Новый Мир Новый Мир - Новый Мир ( № 4 2009)
Может быть, в разговоре с женщиной-философом все-таки возник момент взаимопонимания, что и вызвало несколько ревнивую реакцию Любови Дмитриевны? Постепенно проясняется, что для Блока самый естественный способ коммуникации — разговор вдвоем. Соборность соборностью, но путь к нестадному единению индивидуальностей для него лежит через диалог. А большая и истинная общность множества людей — это сумма множества интимных (в духовном смысле) диалогов.
Планируя свои встречи в Шахматове, он задумывается о совместимости гостей. И это проблема не только бытовая и психологическая. Речь о правильном согласовании духовных импульсов. «В Петербурге есть великолепный человек: Евгений Иванов.
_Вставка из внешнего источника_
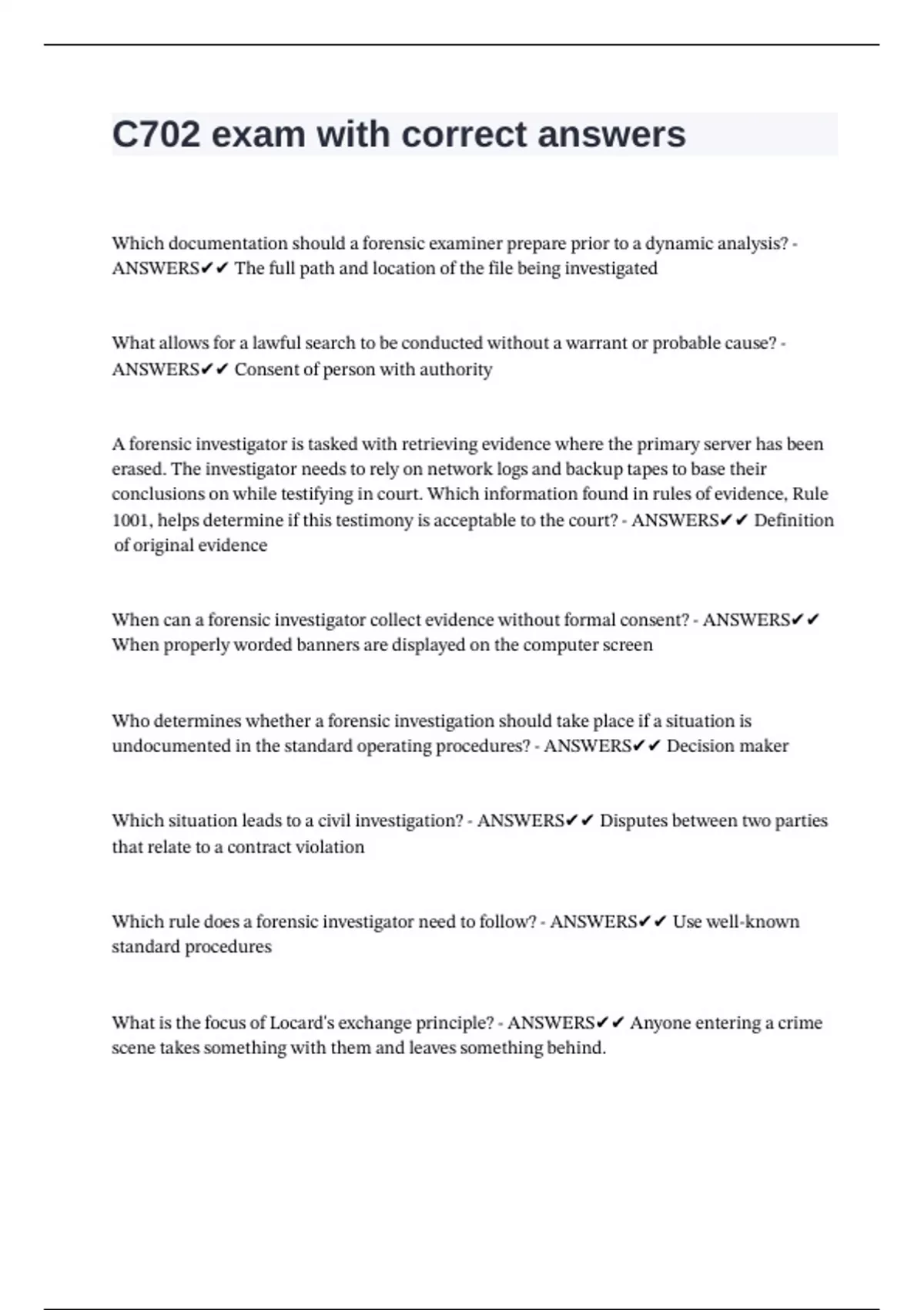 What |is |the |focus |of |Locard's |exchange |principle? |- |ANSWERS✔✔ |Anyone |entering |a |crime |
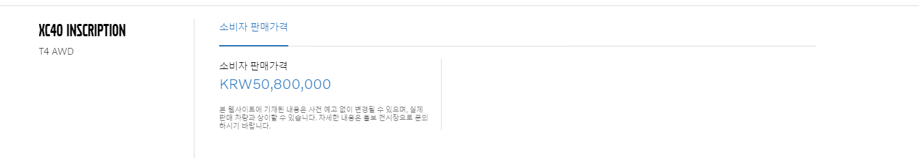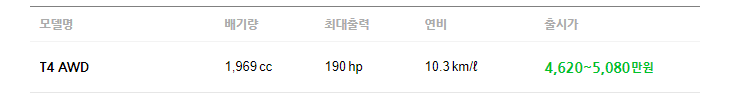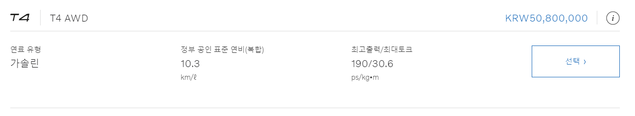 2020 볼보 XC40의 배기량은 1,969cc 입니다. T4 AWD 모델 한 라인 입니다. 해당 모델 라인에 3가지의 트림이 있으며 트림별로 사양이 다릅니다. 하단을 통해 확인 해보도록 하겠습니다.

Он юродивый, нищий духом, потому будет блаженным», — пишет он Белому седьмого апреля. В письмах к Иванову, в свою очередь, упоминает о Белом. Однако, приглашая Иванова (в письме от пятнадцатого июня) приехать в Шахматово, предусмотрительно оговаривает ситуацию: «Хотите так: А. Белого и С. Соловьева можно не встретить. Белый приедет в конце июня или начале июля. Мы спишемся, когда я буду наверно знать, что в Шахматове не будет никого из них». Иванов так и не приехал.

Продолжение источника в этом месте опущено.